# Shuffle a random video from directory or play a defined number of videos.



## Allanbuzzy (Jan 25, 2020)

So I want to create a locally streamed channel to my PC, and to save the hassle of having to add every individual episode I sort of want to make it easier for myself by just adding the directory into the VLC Video Source playlist. One of my suggestions is maybe a number of videos the playlist should play within the directory, or play a random video from that directory. Before you say that this is essentially just shuffling the playlist, it is slightly different in the fact that the playlist would retain it's original order, but the playlist would play something random on that directory and nothing more. Also, the directory would be given a number it should play of that directory before moving to the next item in the playlist.

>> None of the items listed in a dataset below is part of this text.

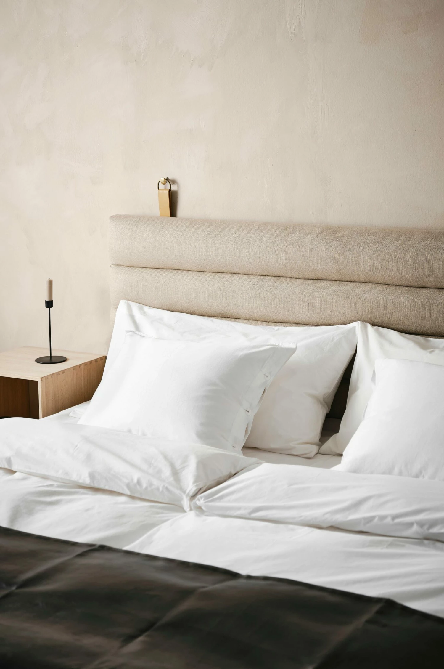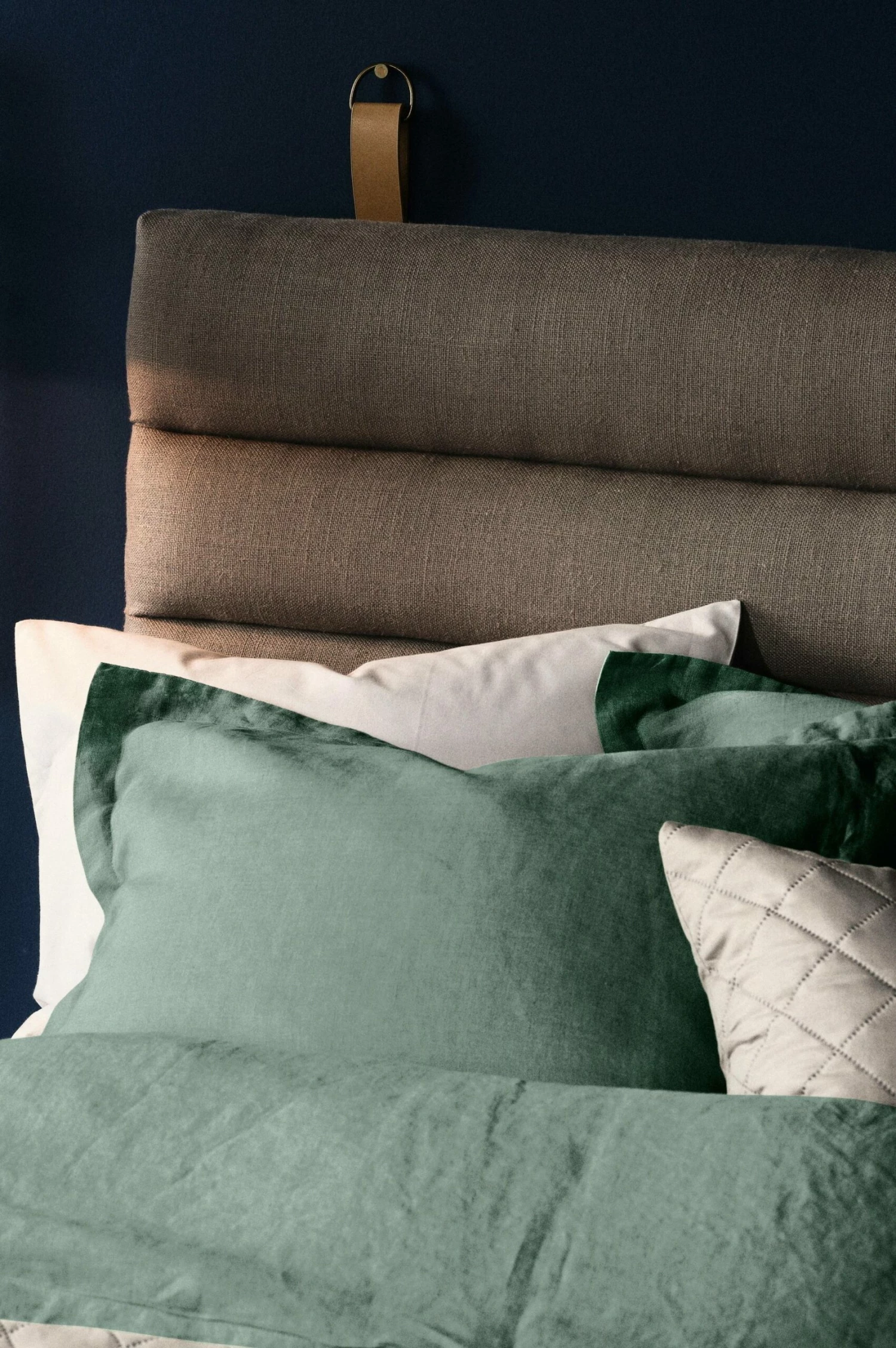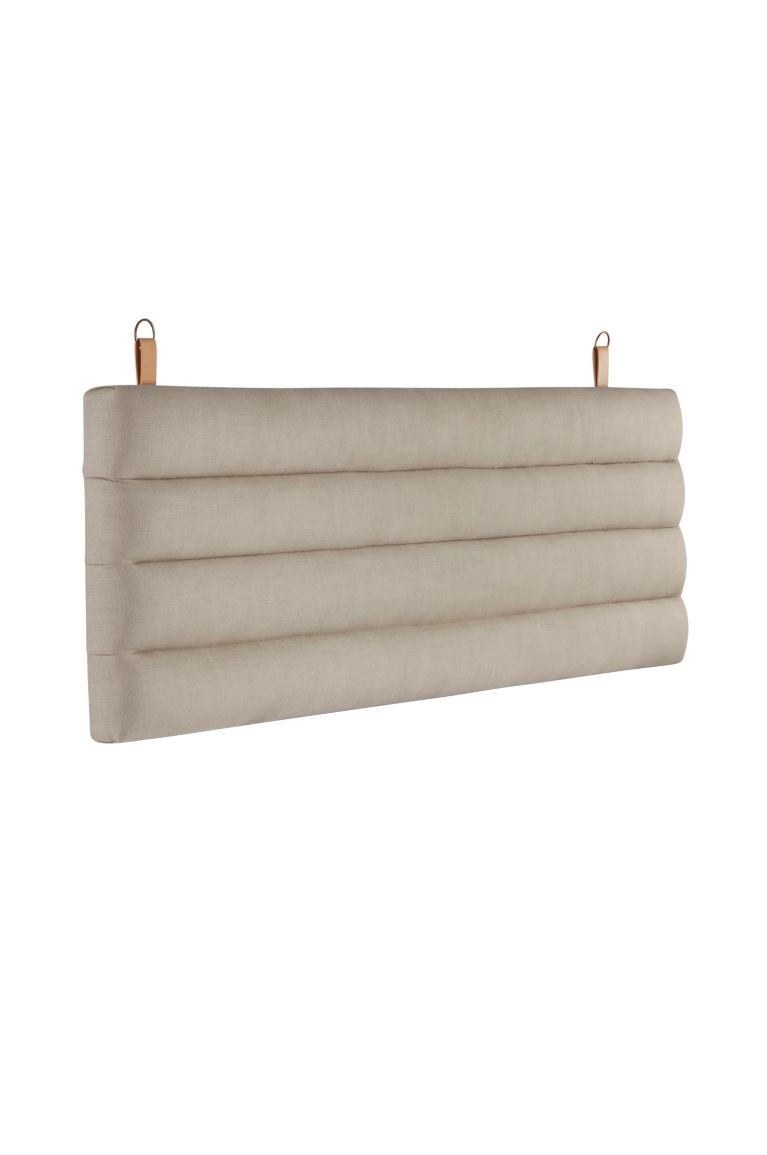Vägghängd sänggavel i luftigt linne med stomme av plywood och skumfyllning. AMSTERDAM är en stilren sängram i lugna naturfärger med dekorativa trädetaljer som snyggt ramar in din säng. Sänggaveln hängs på väggen bakom din resårmadrass med hjälp av ett medföljande väggfäste. Dekorativ spik ingår ej.
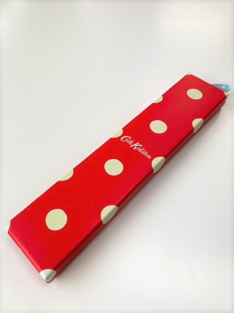 パッケージは赤ベースにドット柄が前面に入った可愛らしい仕上がり。 中身は【Cath Kidston】オフィシャルカラーの水色になっているのでギフトにもぴったりです。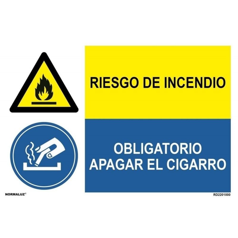 96 686 0132Señal Combinada Incendio Obligatorio Apagar el Cigarro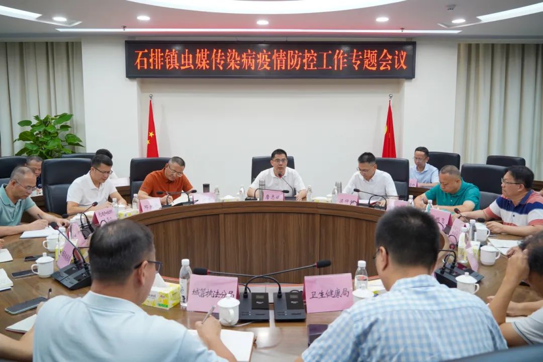 近日,石排镇召开虫媒传染病疫情防控工作专题会议,镇党委书记詹志斌,镇党委副书记、镇长梁仲辉,镇领导邝照东、钟伟发、邓旭伦、林鹏飞,镇卫健局、石排城管执法分局、市场监管分局等相关部门负责人参会。会议围绕当前虫媒传染病防控形势展开研讨,部署防疫保障工作。
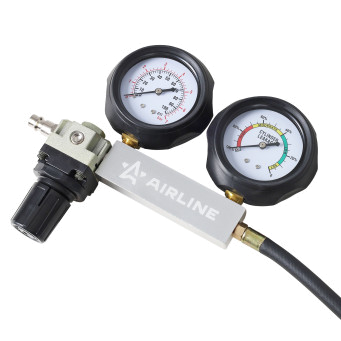 Подключается к воздушной магистрали через встроенный редуктор давления. Измерение производится при помощи двух манометров — один показывает входное давление, второй — давление в камере сгорания.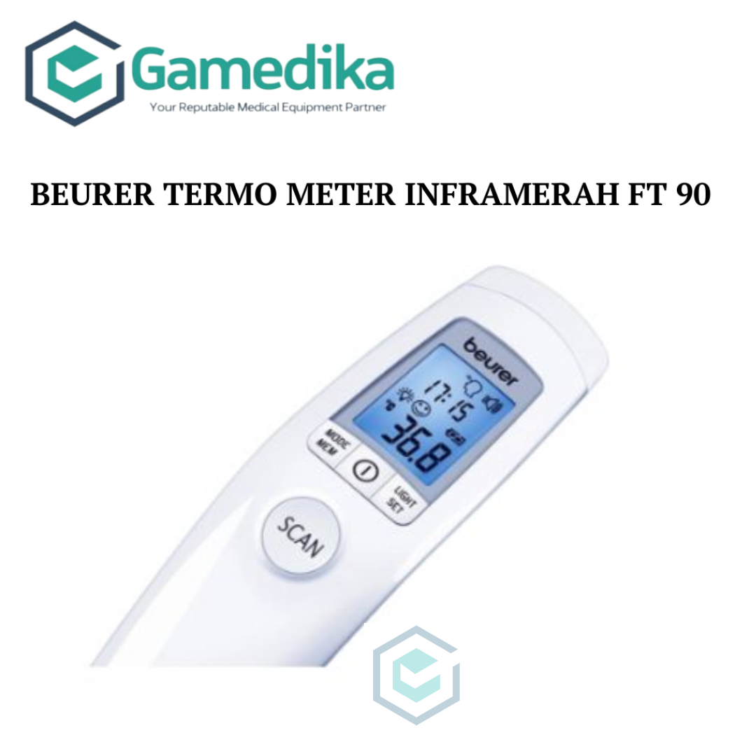 "Harap konfirmasi terlebih dahulu. TERMOMETER DIGITAL beurer FT 90 - non kontak (tidak kontak dengan kulit) Original, bergaransi resmi 5 (lima) tahun KEMENKES RI AKL 20901312750 Fitur teknis : 1. Hasil pengukuran dalam 1 detik 2. Pengukuran suhu badan, ruangan dan object 3. Aman dan higienis. Pengukuran tanpa kontak dengan kulit 4. Sangat cocok untuk pengukuran suhu badan bayi dan anak-anak 5. Alarm panas badan 6. Pengukuran mudah dibaca dan menyala biru (bisa dibaca saat gelap) 7. Mempunyai 60 memori (suhu badan) 8. Otomatis off setelah beberapa saat tidak dipakai 9. Dilengkapi dengan kotak penyimpanan plastik Kelengkapan yang anda dapatkan : 1. Alat Termometer Digital beurer FT90 - 1 unit 2. Kotak Penyimpanan 3. Baterai AAA x 2 pcs (terpasang) 4. Kartu Garansi 5. Buku panduan pemakaian "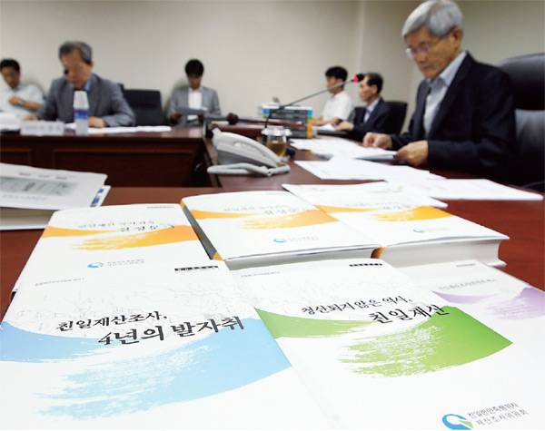 ↑2010년 7월1일 친일반민족행위자재산조사위원회 회의실에서 김창국 위원장(맨 오른쪽)이 참석한 가운데 마지막 전원위원회가 열렸다. © 연합뉴스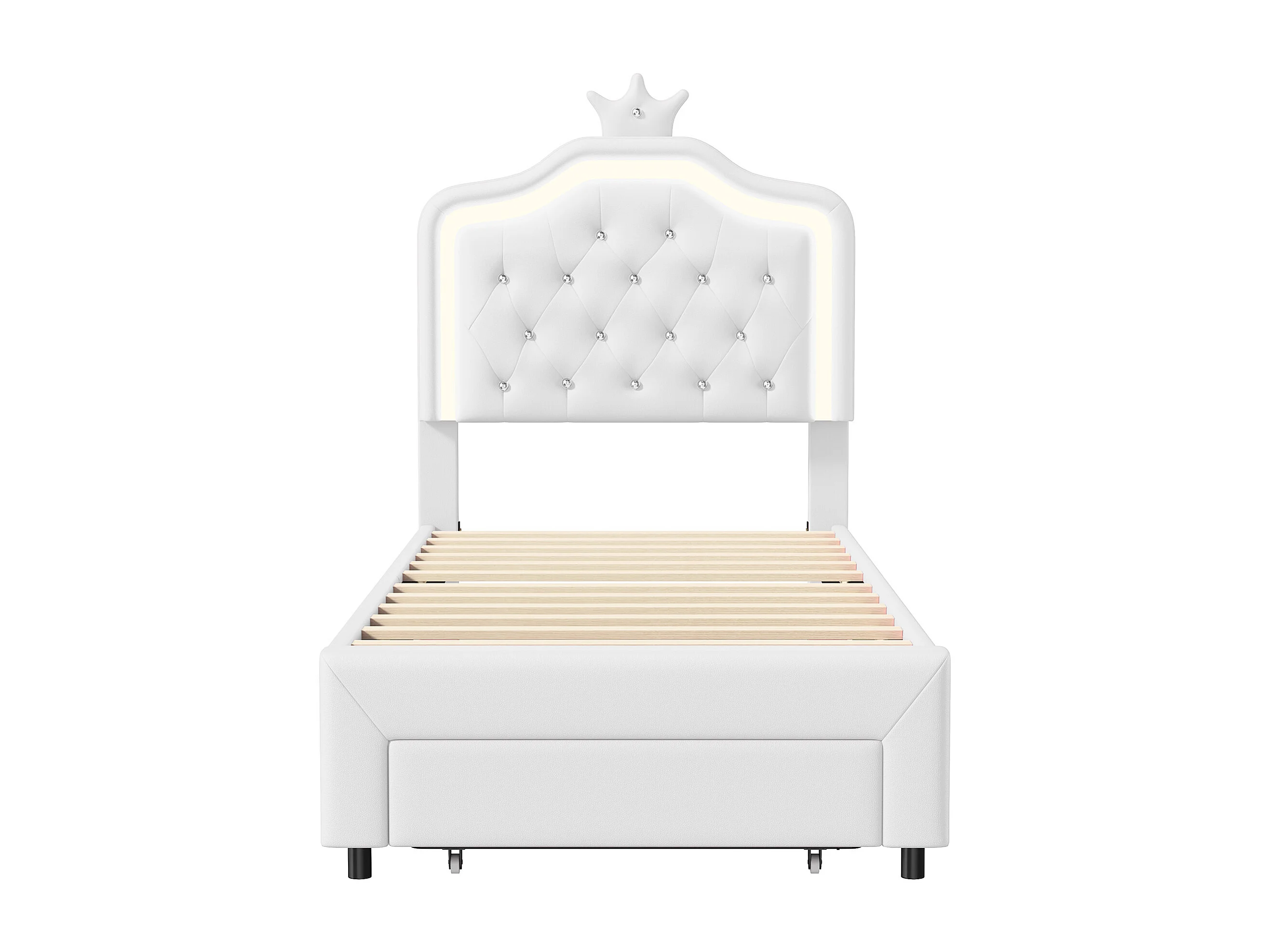 Lit capitonné princesse 90 x 200 cm - sommier à Lattes - lit enfant 90 X 200 cm avec tiroir et led - PU - Blanc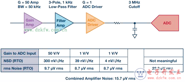 將多個(gè)噪聲源的噪聲頻譜密度(nV/√Hz)加總(電壓噪聲源按平方和開根號(hào)),而不分別計(jì)算各噪聲源的rms噪聲,可以節(jié)省時(shí)間,但這種簡化僅適用于各噪聲源看到的帶寬相同的情況。如果各噪聲源看到的帶寬不同,簡單加總就變成一個(gè)可怕的陷阱。圖1顯示了過采樣系統(tǒng)中的情況。從噪聲頻譜密度看,系統(tǒng)總噪聲似乎以增益放大器為主,但一旦考慮帶寬,各級(jí)貢獻(xiàn)的rms噪聲其實(shí)非常相近。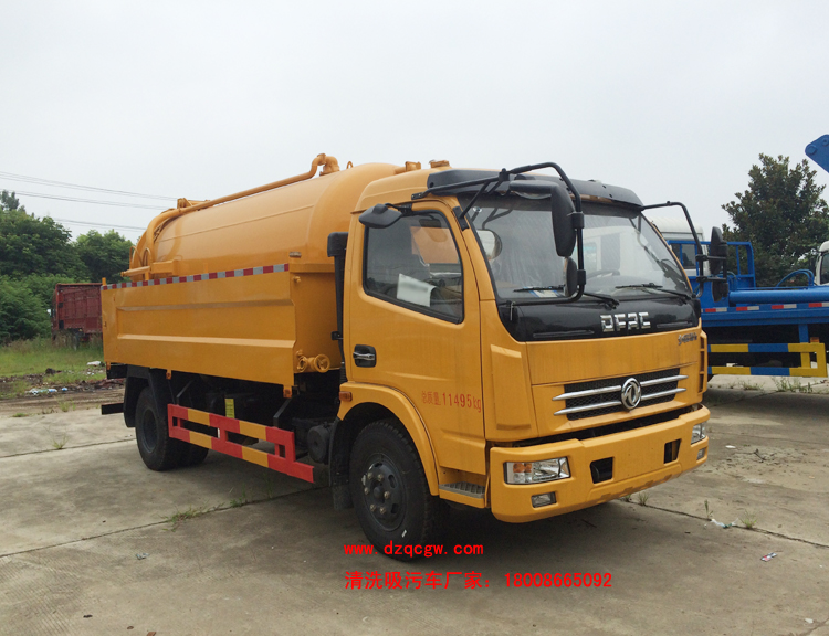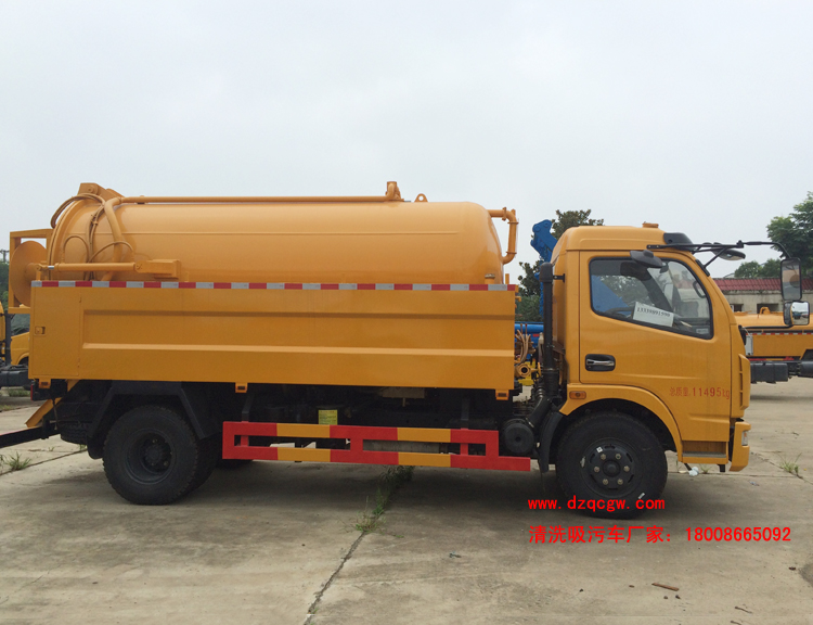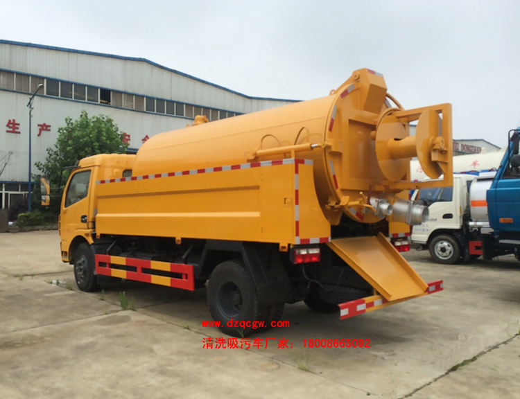 吸污部分主要配備:國產多路閥、油缸;國產高質量真空泵,油水分離器,四通閥,洗手裝置。罐體后封頭球閥控制自流口1個,1個視污窗,1根7米吸糞管,普通油漆。一次性成型舉升式罐體,罐體兩則油缸,后蓋液壓開啟,機械鎖緊,帶液位報警。主要用于下水道、雨水井、檢查井、化糞池及各種溝渠內的污泥、糞便或石油化工廠污水池淤積物的抽吸、裝運和排卸。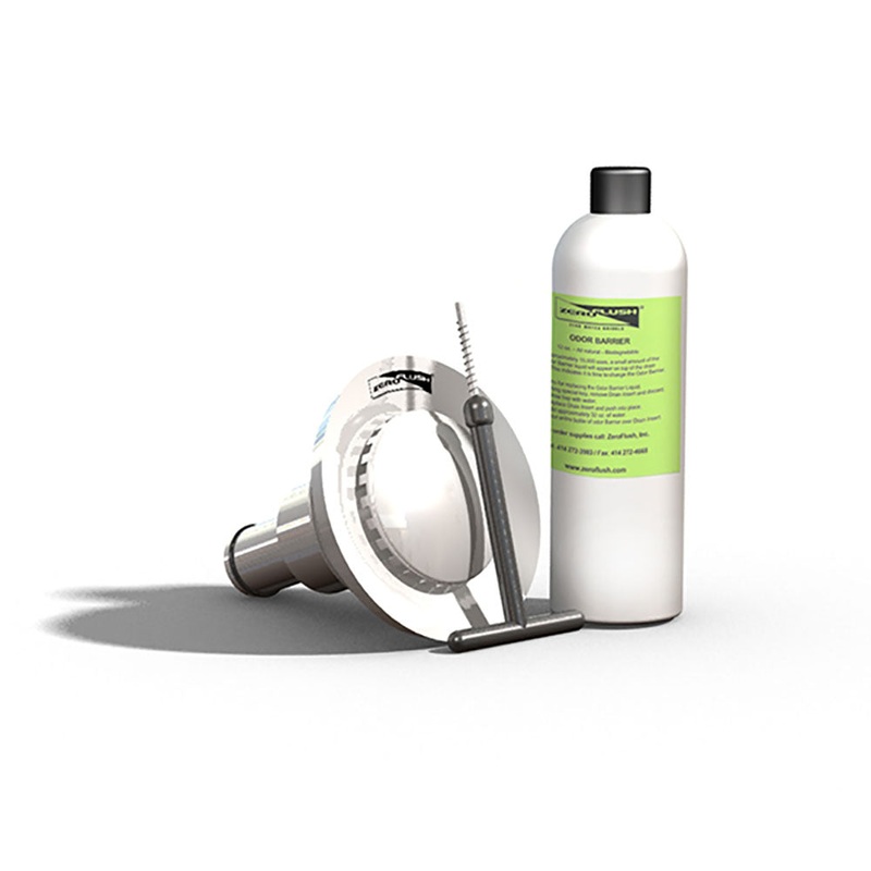 The ZeroFlush Drain Insert Replacement Kit comes in a case of two and is made with 100% recyclable ABS plastic. It includes a urinal drain insert, drain insert key and a 12 oz. bottle of 100% natural and biodegradable Odor Barrier Liquid for use with the ZeroFlush Waterless Urinal.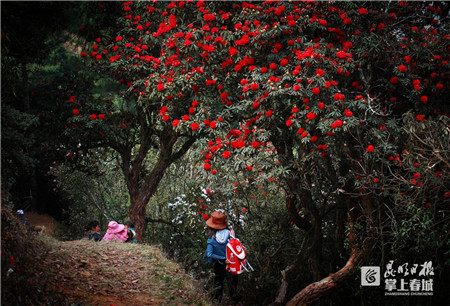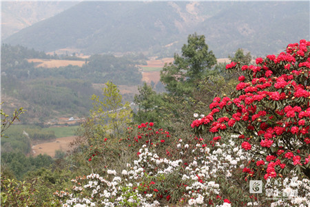 虽是早春二月,可马鞍山因其独特的土壤和气候,山谷内大片大片的樱花已迎风绽放,宛如仙女下凡,亭亭玉立。上千株马缨花在阳光的照耀下千娇百媚,鲜艳欲滴,红色、白色、粉色的花海绵延千亩,蔚为壮观。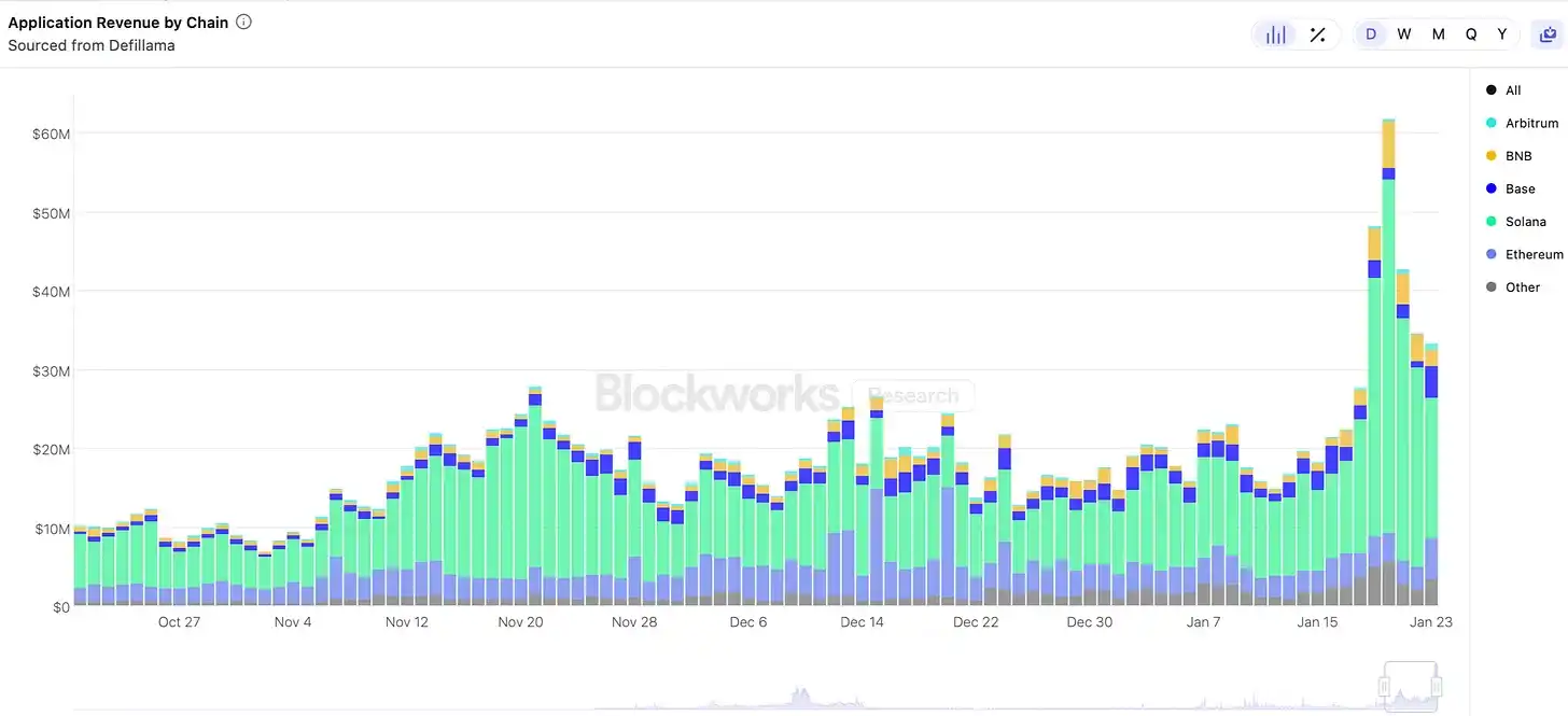 这支持了这样一种观点:DeFi 用户有不同的类别。虽然 Memecoin 交易者越来越多地涌向 Solana,但大量资金依然留在以太坊上。引用 REV 或 DEX 交易量作为 Solana 在 DeFi 中占主导地位的证据,具有误导性。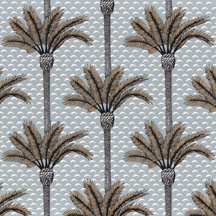 Atlas behang. Palmbomen in regelmatige kleurschakeringen structureren het vegetale thema van de achtergrond in de Map book van het Casamance huis. Deze planten steken af tegen een tweekleurige ondergrond die bestaat uit kleine lichtgolven. Deze prachtig getinte bloemenconfiguratie geeft een buitengewone toets aan de leefruimten.

The best way to describe it is by demonstrating it:

[directory of video] - If this is being used for repeats, one of the ways which this could be used for is by having it only show 1 video from the directory picked from a random episode. This would be limited to the number, so once the video is done it then goes to the next entity on playlist.
[bumper for stream] - Works in the same way as the previous entity. This would choose a random bumper to play.
[next bumper] - Manually added by user
[directory of commercials] - A typical advert/commercial lasts between 15 secs to 1 minute, average of 30 seconds, so it depends on country's limit on minutes. Let's just say around 15-20 videos of adverts/commercials would be used here.
[promos for stream] - Same as other entities.
[now bumper] - Manually added by user
[directory of video again] - This may be a little complicated, but if the video that was played before was episode 1, potentially play the next episode. This would automate quickly and wouldn't need the user to insert the episode manually. Useful for marathons of shows or videos.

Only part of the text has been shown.